To treat postoperative pain, an examination in the pelvic region is performed to determine the cause of pain. If there are no significant examination findings, pain relief drugs, such as nonsteroidal anti-inflammatory medicine, will be first prescribed to patients. If the pain persists for months, local anesthetics with corticosteroids can be injected at the site of pain. For more severe cases, mesh excision with targeted physical therapy can be considered as a last resort.

=== Pelvic infection ===
Although postoperative infection seldom occur among patients who have undergone mesh surgery, it is still an inherent risk for any surgical implantations and results in severe implications. In cases of severe infection, complete mesh excision is highly commended.

=== Others ===
Other common complications include urinary problems, abnormal bleeding, organ perforation while some rare complications, such as recurrent pelvic organ prolapse, neuro-muscular problems, vaginal scarring and emotional problems are also observed. From 2008 to 2010, three deaths were associated with transvaginal mesh surgery for POP repair due to bowel perforation and abnormal bleeding.

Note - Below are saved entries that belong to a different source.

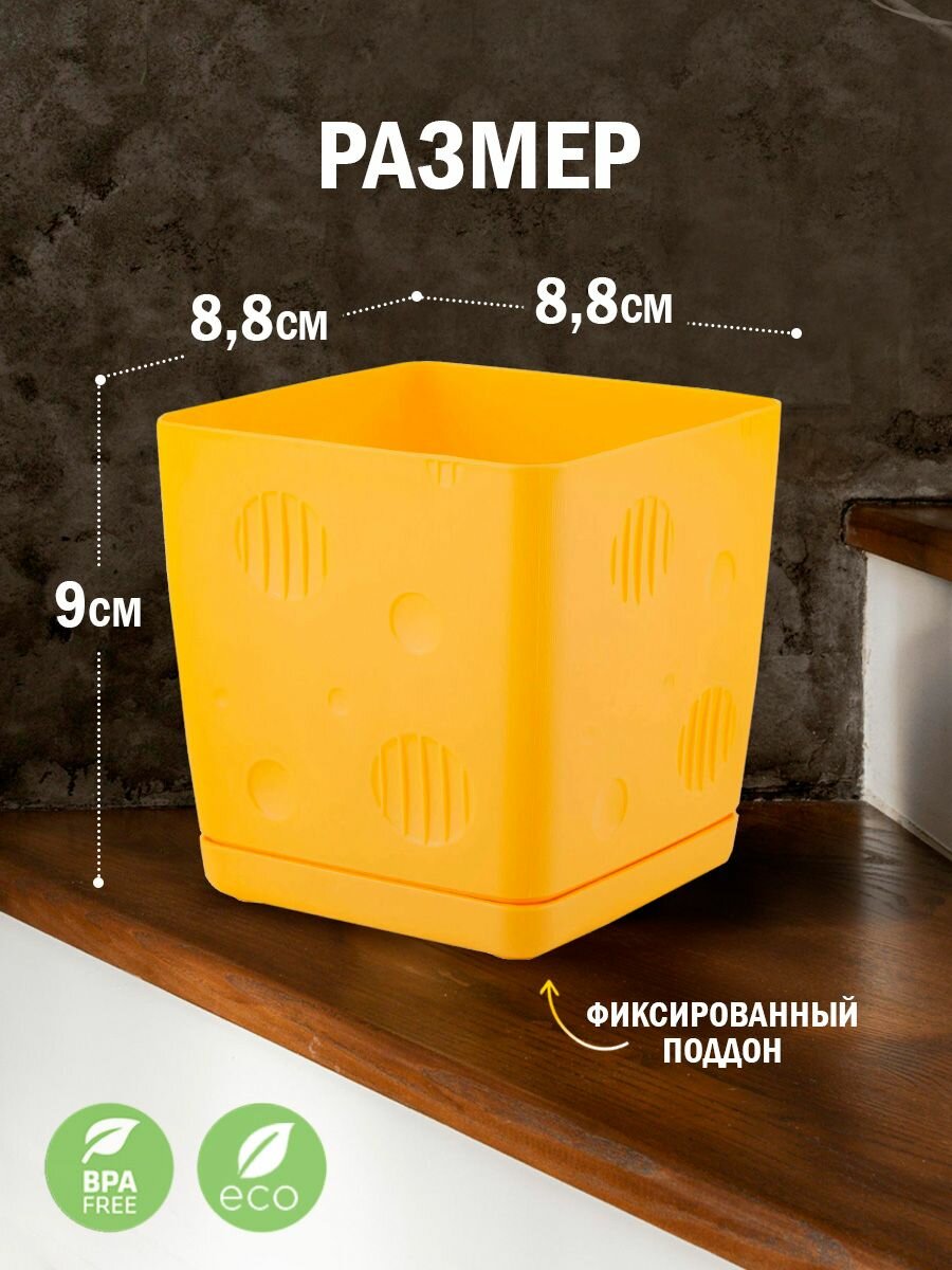 Горшок для цветов 0,65л (ДхШхВ) 11,5х11,5х10,4 см с дренажной сеткой и съемным поддоном, горшок пластиковый, кашпо для цветов уличное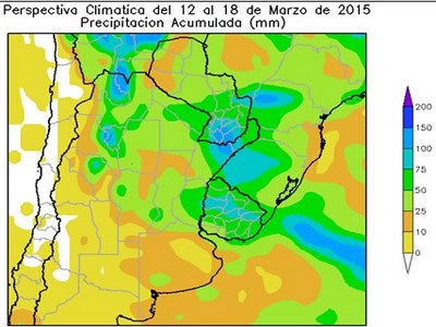Perspectiva Agroclimática del 12 al 18 de Marzo de 2015: Calor y precipitaciones de variada intensidad, seguidos por un moderado descenso térmico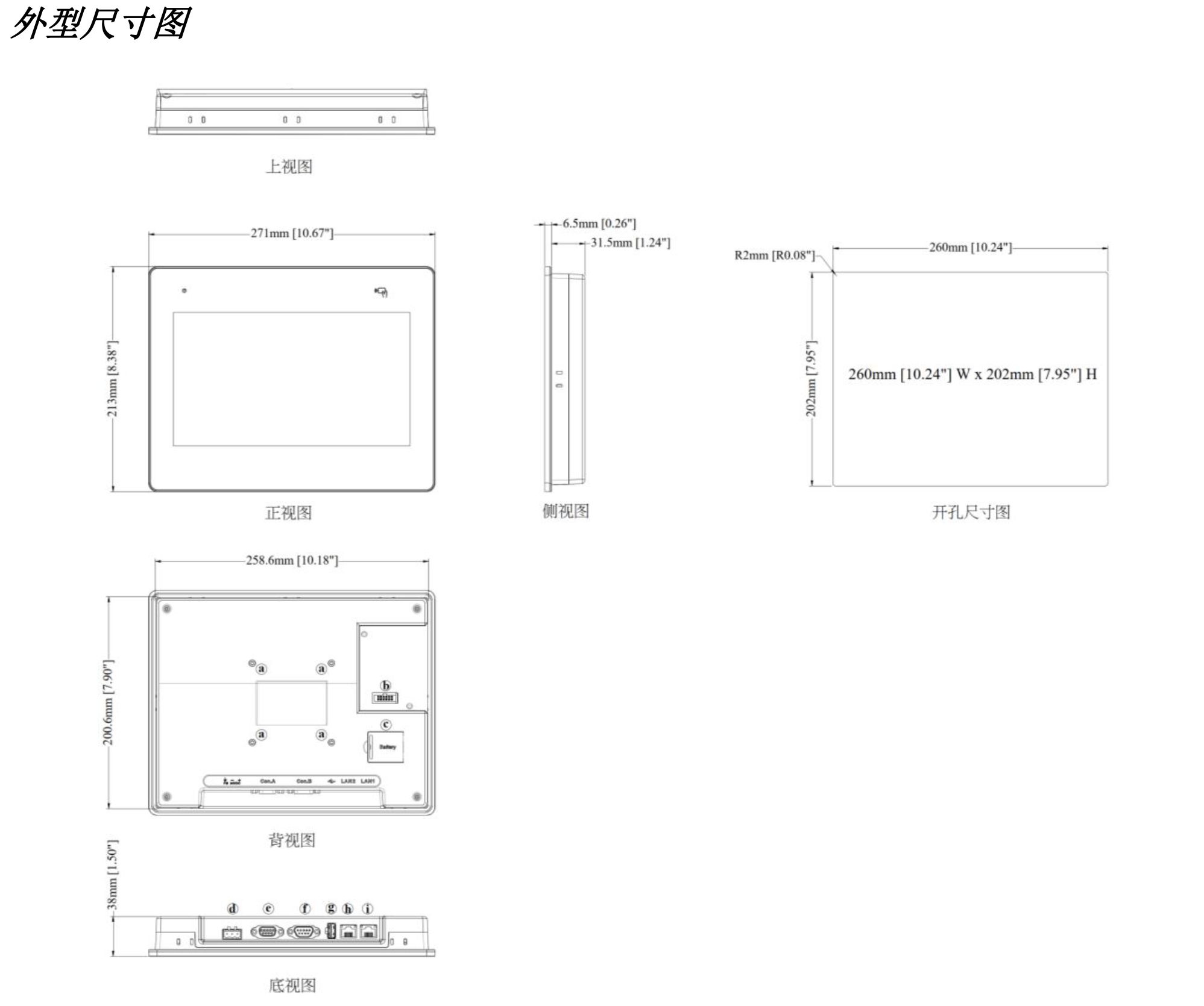 | 安裝方式 | 面板安裝, VESA 壁掛架 75 x 75 mm | ||||||||||||||||||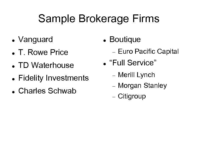 Sample Brokerage Firms Vanguard T. Rowe Price TD Waterhouse Fidelity Investments Charles Schwab Boutique Euro Pacific Capital “Full Service” Merill Lynch Morgan Stanley Citigroup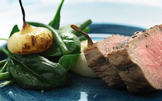 Rosmarinstekt kalventrecôte med bakad pärllök, spenat och haricots verts
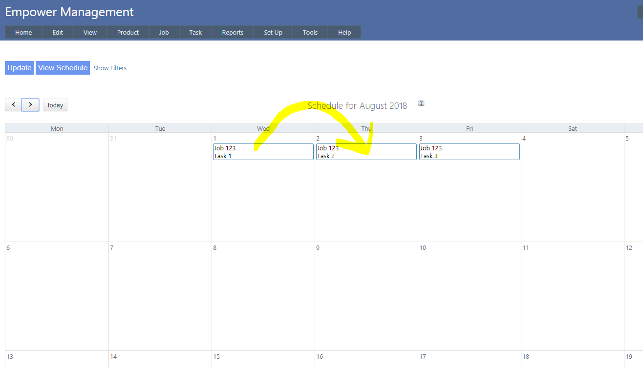 For example if weekends are set to Saturday and Sunday and Task 1 is dragged from Wednesday to Thursday (see highlighted below).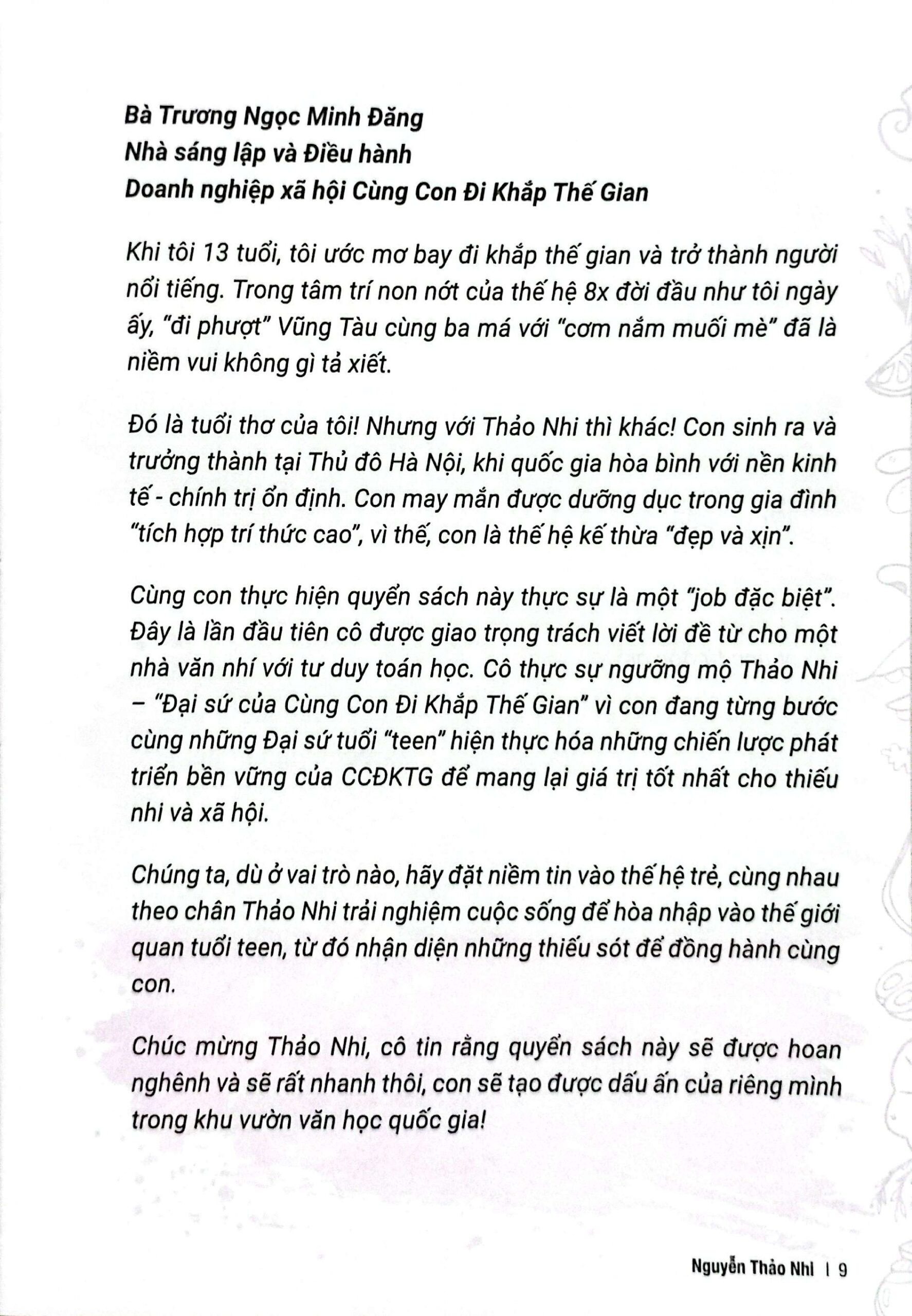 “Dạo Khắp Một Vòng Việt Nam” nghe như một lời mời gọi thú vị, đầy lôi cuốn. Với tôi – một người mê xê dịch, chia sẻ cảm nhận qua mạng xã hội là điều quen thuộc, nhưng việc Thảo Nhi chọn xuất bản sách ở tuổi 13 lại là bước đi đột phá. Hà Nội, Đà Nẵng hay TP.HCM dưới góc nhìn tuổi teen được tái hiện bằng những “công thức toán học” dễ thương và mới mẻ. Hơn cả một cuốn sách, đây còn là minh chứng cho sự đầu tư vào tri thức, nhân cách và tấm lòng hướng thiện. Tôi tin độc giả sẽ dành nhiều tình cảm cho tác phẩm này.
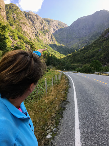 Det vart etterkvart avklara at det berre var vi to som kom til å gå tur. Jorunn byrja peika bak oss og snakka om Hardingaskaret. Eg må ha hatt dogg på kontaktlinsene, for eg kikka rett opp ei steinrøys ovanfor Folgefonntunnelen og tenkte, «kvifor ikkje?».
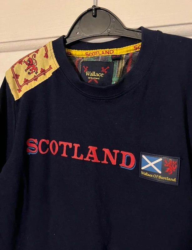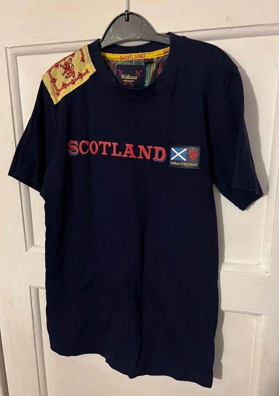 Wallace of Scotland kids navy t-shirt age 9-10 years. Worn a few times, good for celebrating upcoming World Cup etc. Plastic badge detail on it with image of the Scotland flag. £12
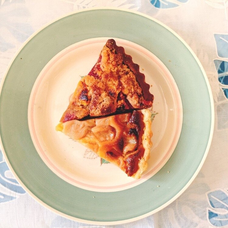 10周年をお祝いして、記念のクッキー缶、気になった焼き菓子桃のタルトとクランベリー?のタルトをお土産にしました。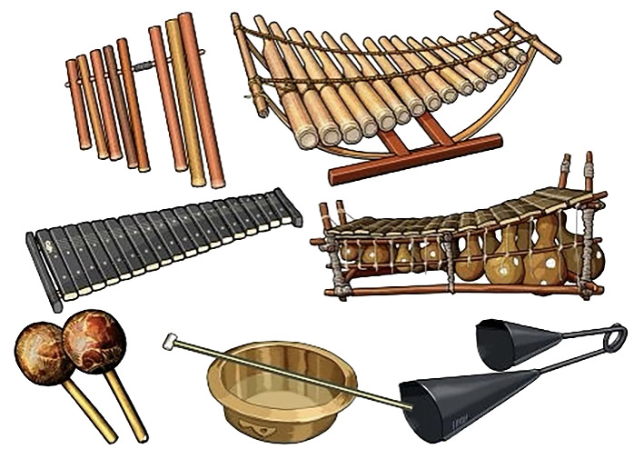 ۱۱) کلاوس: این ساز از خانواده ی آیدیوفون ها (خود صدا ها) و زیر مجموعهی سازهای کوبه ای است. منشأ این ساز، آمریکای لاتین است و از دو قطعهی استوانه ای شکل از چوب سخت تشکیل شده که هر یک حدود یک اینچ قطر و شش اینچ طول دارند. هنگام نواختن، یکی از کلاوسها بدون اعمال فشار بین انگشتان یک دست قرار میگیرد و کلاوس دیگر با دست مخالف بر آن کوبیده میشود. دستی که کلاوس را نگه داشته است، نقش جعبهی تشدید صدا (رزونانس) را ایفا میکند. این ساز عمدتاً برای اجرای الگوهای استیناتو استفاده میشود، اما در موسیقی ارکسترال نیز به منظور تقویت آکوردهای خشک (secco) به کار میرود.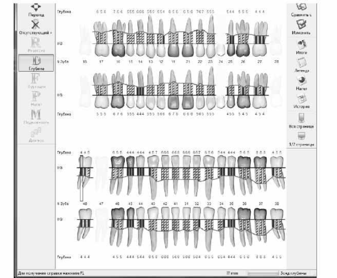 Учитывая, что достаточно большое количество показателей необходимо отметить в пародонтальной карте пациента, был создан программно-диагностический комплекс Florida Probe (Florida Probe Corporation, США). Он состоит из программного обеспечения, электронного зонда и ножного переключателя, с помощью которого фиксируется глубина зондирования, кровоточивость и гноетечение. Компьютер воспроизводит голосовое сообщение о наличии кровоточивости десен, глубине кармана, гноетечении и подвижности зубов. После проведения зондирования программа составляет пародонтограмму, в которой будут указаны все необходимые данные о состоянии пародонта. Отметив зубы с имеющимся зубным налетом, программа посчитает гигиенический индекс. Плюсом использования данной программы является то, что в ней сохраняются предыдущие исследования, что необходимо для оценки успеха лечения и динамики заболевания. Наглядная демонстрация результатов обследования повышает мотивацию для пациента. Также в программе имеются информационные видеоролики для пациента [9, 10].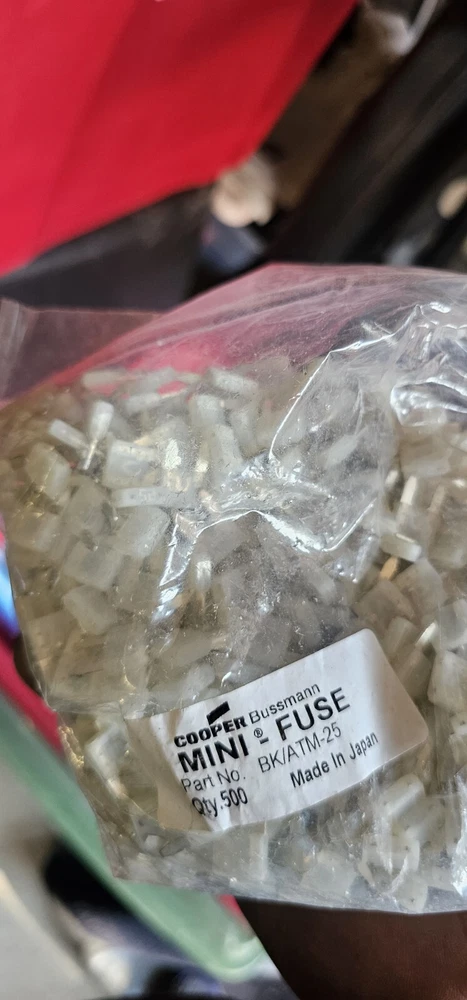 I have 3 unopened bags. This losting is for 1 bag of 500ea This Cooper Bussmann mini-fuse blade is a reliable and efficient choice for your electrical needs. With a maximum amperage of 25 and voltage range of 11-20 V, it is suitable for a variety of applications, including automotive. The fuse body type is blade and it is of the mini bk/atk type, making it easy to install and handle. The brand name speaks for itself, ensuring you get a quality product that will meet your expectations. Whether you are a professional or a DIY enthusiast, this electrical fuse is a great addition to your collection. Don't miss out on this opportunity to upgrade your electrical equipment and supplies.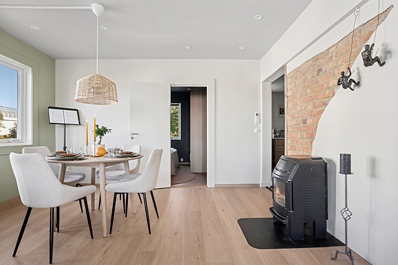 Leiligheten har en god planløsning og er påkostet de senere årene med nytt bad i 2020 og kjøkken i 2025. Energimerkingen er betydelig oppgradert med nye vinduer i 2024, varmepumpe og etterisolert tak. Gulv og overflater er nye fra 2025, og en fantastisk nypusset teglsteinsmur gir leiligheten en unik og elegant helhet. Her får du en vestvendt balkong med unik utsikt og gode solforhold. Kort vei til sentrum, skoler, barnehager, buss og dagligvare gjør hverdagen enkel og praktisk. Leiligheten har hage, god bodplass og en meget funksjonell snekkerbod.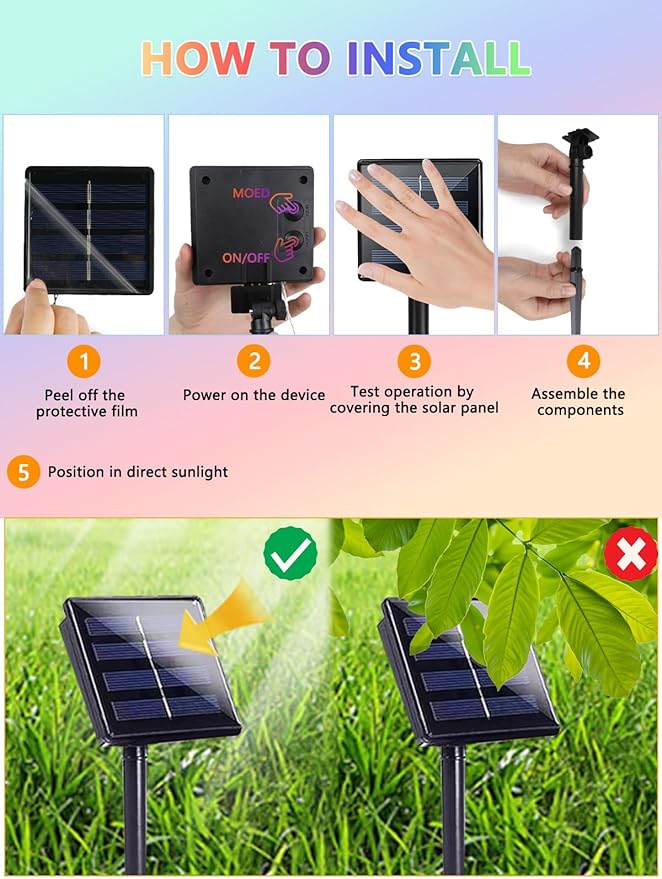 - 8 Lighting Modes & Auto On/Off & Memory Function: The solar twinkle lights have 8 lighting modes for selection. After powered on, just press the mode button to choose your favorite mode to satisfy your diverse needs. And the built-in memory chip saves your last mode setting, so there is no need to reset it everyday. It is very convenient for use outdoor. With the built-in light sensor, the lights will turn on at dusk and turn off at down automatically

=== Risk factors for complications ===
==== Concomitant surgery ====
The number and extent of concomitant surgeries increase with the complication risks.

However, for patients who require concurrent mesh slings, concomitant hysterectomy is often necessary. Certain incision methods for hysterectomy, such as an inverted T incision, will also increase the risk of complications significantly.

==== Inappropriate surgical techniques ====
The size of the incision and extent of sling tension should be minimized to reduce risk of complications. This is often determined by the surgical skills of surgeons.

=== Protective factors for complications ===
Uterine preservation and minimal incision size should be performed as they prevent damage to the urogenital system.

== History ==
Initially used in the 50s to mend abdominal hernias, gynecologists started to use meshes to repair pelvic organ prolapse (POP) and stress urinary incontinence (SUI) in the 90s. Over time, manufacturers seized the demand for specific mesh with desired shapes for POP and SUI repair, resulting in the first SUI and POP-specific mesh to be cleared by the FDA as class II moderate-risk devices in 1996 and 2002. In 2006, approximately one-third of POP patients opted for mesh implantation, in which over 90% mesh surgeries were performed transvaginally, rather than traditional native tissue repair or with other devices. Due to the popular response, mesh products evolved into surgical mesh kits with the addition of new insertion tools, such as tissue fixation anchors.

Starting from 2008, the FDA took escalating actions to deal with the growing adverse effects and low repair efficacy of transvaginal mesh for POP repair. In 2011, it issued an FDA Safety Communication, pointing out concerns for transvaginal mesh. In 2016, the FDA reclassified transvaginal mesh for POP repair into a class III high-risk device, requiring manufacturers to submit a premarket approval application to keep transvaginal mesh products on the market. After an advisory committee meeting, the FDA announced that the safety and effectiveness of transvaginal mesh for POP are not scientifically assured and all transvaginal mesh products, except midurethral slings, were banned to protect the health of female patients on 16 April 2019.

Currently, there are several legal actions against major transvaginal mesh manufacturers like Johnson & Johnson and Boston Scientific to compensate complications. A class of 700 Australian women sued Johnson & Johnson for selling defective transvaginal meshes. Similar self-claimed victims in the United Kingdom and the United States have sparked off more than 100,000 transvaginal mesh-related lawsuits. Up until now, Johnson & Johnson and Boston Scientific have agreed for payments in total of $8 million to resolve the claims.